Since transporting the first tiny patient in 1971, Children's Mercy's Critical Care Transport program has grown to one of the busiest in the country. In 2010, the transport team performed nearly 5,000 transports, about a quarter of them neonates.
"We bring critical care to the bedside. Our crew configuration is a registered nurse, registered respiratory therapist and an EMT. Most neonatal and pediatric patients have respiratory issues, so the fact that we have a registered respiratory therapist on board is important," says Pam Grimes, RN, BSN, N-CPT, Critical Care Outreach Transport Coordinator. "We have found that when looking at quality of care and the bottom line, this is the best team configuration and is what most of the other national big teams use."
The transport team's goal is to bring Children's Mercy's NICU to the patient, stabilizing the patient at the referral hospital rather than rushing to transport with the goal of stabilizing after arrival. Bringing a more stabilized pediatric patient back to Children's Mercy reduces mortality and morbidity in the long run.

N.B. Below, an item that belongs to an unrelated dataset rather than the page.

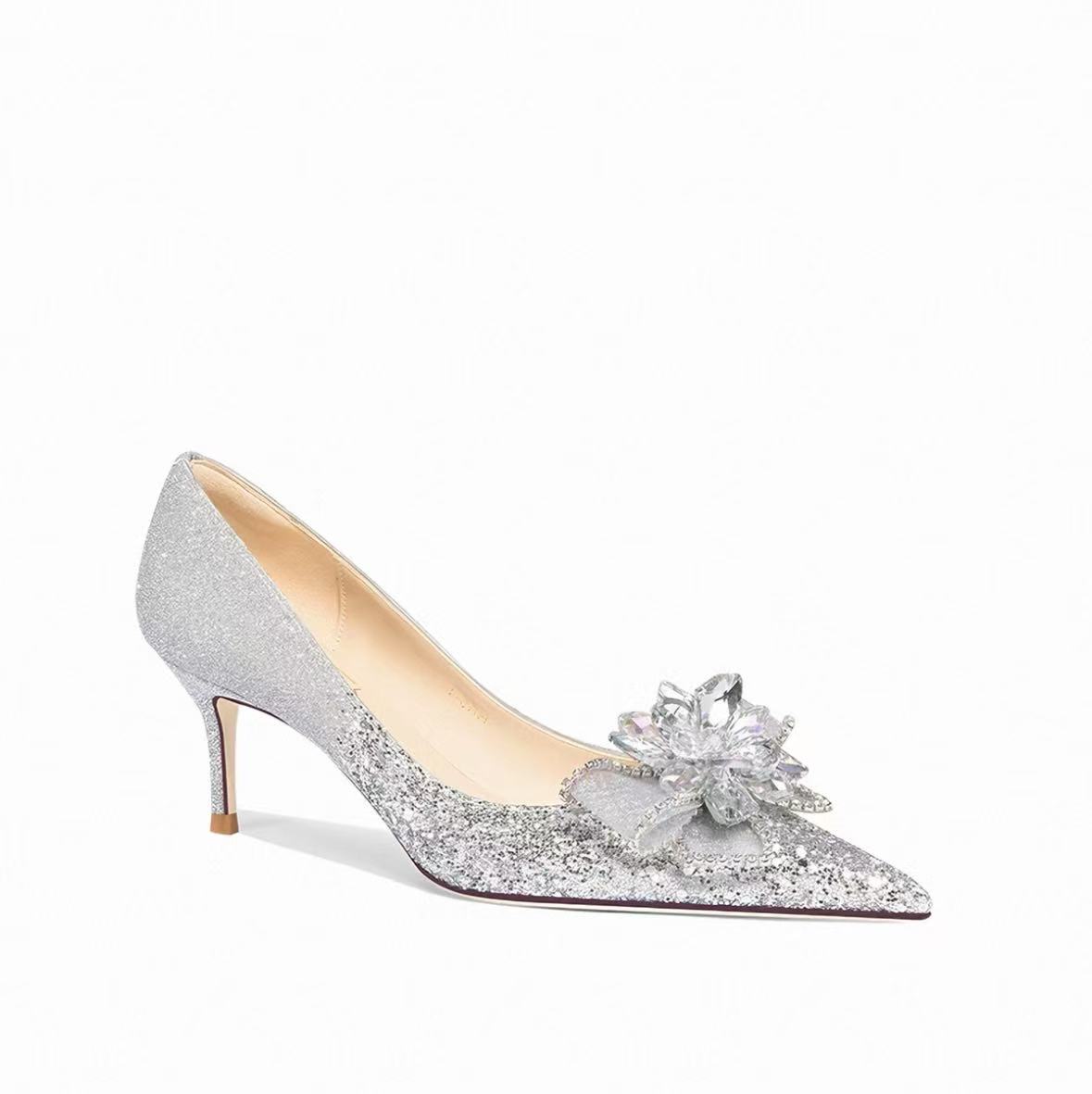 LOLY水晶鞋礼物高跟鞋仙女尖头细跟空气棉婚鞋情人节送女友礼服鞋

"By bringing the intensive care unit to the infant, all the technical innovations that you have at your fingertips in the NICU you'll now have on wheels or in a rotor wing or in a fixed wing," says Emily McNellis, MD, Director of Neonatal Transport Medicine for Children's Mercy. "And the level of care is going to be just the same as what you're going to get in the NICU."
The transport program's experienced team is capable of safely transporting extremely premature babies, to newborns with heart defects and other congenital anomalies, and any other critically ill baby.

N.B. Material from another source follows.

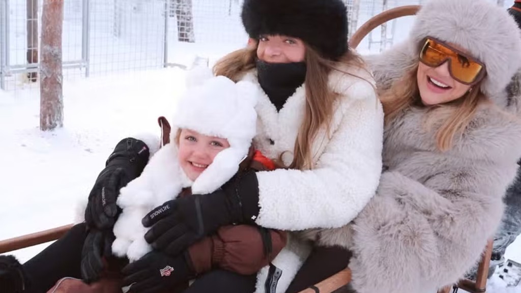 Ana Paula Siebert, Roberto Justus, Vicky e Rafaella Justus seguem a viagem de fim de ano com baixíssimas temperaturas e muita neve. A família está na Finlândia, onde passou o

The team's specialty services include:
- Neonatal therapeutic cooling
- High-frequency ventilation
- Inhaled nitric oxide
- Helium oxygen therapy
- Needle decompression
- Invasive line placement
With the only level IIIc NICU within a 250-mile radius catchment area, Children's Mercy transports patients mostly from Kansas and Missouri. However, the team also transports patients from across the nation and internationally. The Critical Care Transport team is made up of more than 70 dedicated staff members who do only neonatal and pediatric transports.
The transport fleet includes nine ground ambulances equipped especially for infants and children, a dedicated American Eurocopter EC-145 helicopter with IFR configuration, and a Beechcraft King Air 200 fixed-wing plane, all prepared with the specialized equipment and supplies needed to treat seriously ill neonates. The program is accredited in all modalities by the Commission on Accreditation of Medical Transport Services.
"These babies require very specialized care," says Dr. McNellis. "Our teams have the training to perform high-level skills like oral intubation, inserting invasive lines and interosseous lines, laryngeal mask airway, long nasal CPAP, needle cricothyrotomy, chest decompression, umbilical line placement, external jugular line placement and VP shunt management—things a typical ambulance can't provide. We bring a lot of experience and skill to the patient's bedside."
All patients less than 5kg are transported in isolettes to keep them warm and help with the stabilization process, improving morbidity and mortality, according to Grimes. The team also brings high-frequency ventilation to the bedside for patients in respiratory failure, whatever it may be caused by, including meconium aspiration, diaphragmatic hernia or just very premature babies.
"Our transport service is an integral part of the continuum of care we provide for critically ill newborns and is a perfect complement to our intensive care nursery," says Dr. McNellis.